──────── The data ────────
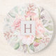 Monogram Elegant Pink Rose Peony Floral Marble Coaster
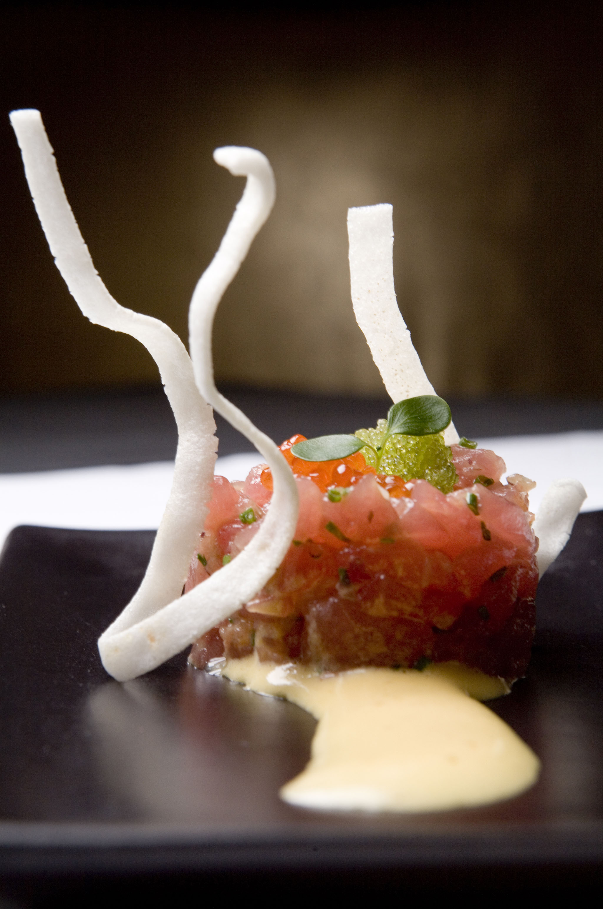 Detalle de un plato de atún teriyaki, técnica de cocción japonesa
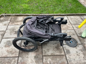 Verkaufe einen robusten 3-rädrigen Kinderwagen (Jogger) in Schwarz. Ideal für Spaziergänge und sportliche Aktivitäten. Leicht zu manövrieren dank großer Luftreifen, mit verstellbarem Verdeck und praktischem Ablagekorb. Gebraucht, aber gut erhalten und voll funktionsfähig. Normale Gebrauchsspuren vo ...
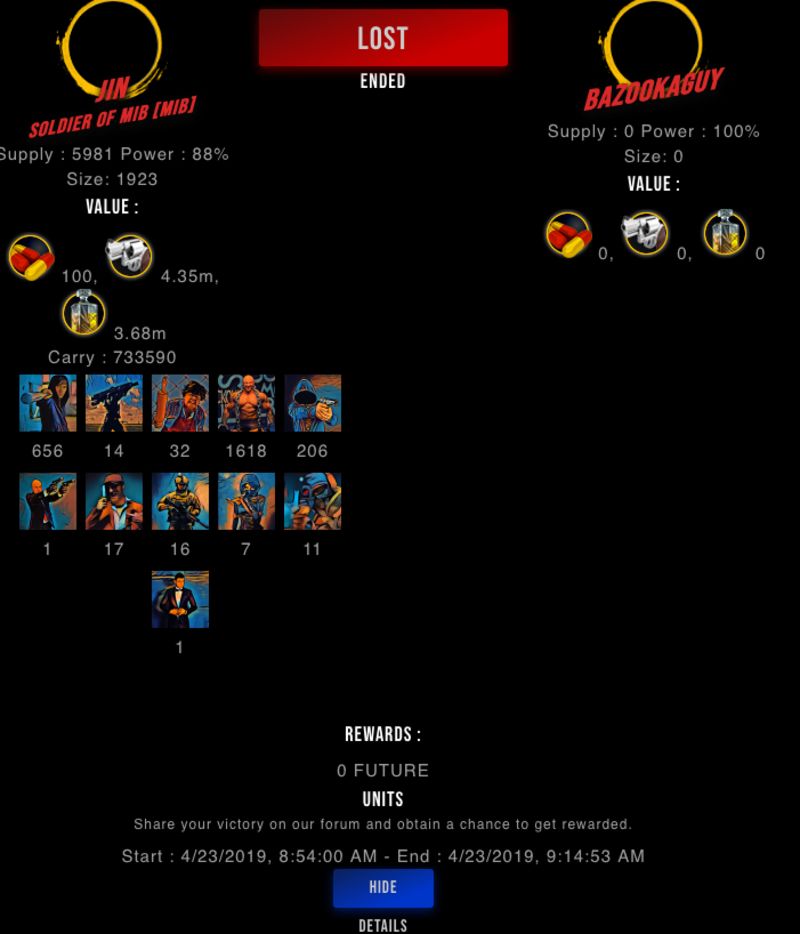 Congratulations @bazookaguy ! Your fight received an upvote of 0.6% from the King Dealer as incentive for your activity and as a gratitude for your support to the game.
────────
Problem requirements ->
Please return the full listing exactly as given, with the images left out.

Exercise output ->
 Monogram Elegant Pink Rose Peony Floral Marble Coaster
 Detalle de un plato de atún teriyaki, técnica de cocción japonesa
 Verkaufe einen robusten 3-rädrigen Kinderwagen (Jogger) in Schwarz. Ideal für Spaziergänge und sportliche Aktivitäten. Leicht zu manövrieren dank großer Luftreifen, mit verstellbarem Verdeck und praktischem Ablagekorb. Gebraucht, aber gut erhalten und voll funktionsfähig. Normale Gebrauchsspuren vo ...
 Congratulations @bazookaguy ! Your fight received an upvote of 0.6% from the King Dealer as incentive for your activity and as a gratitude for your support to the game.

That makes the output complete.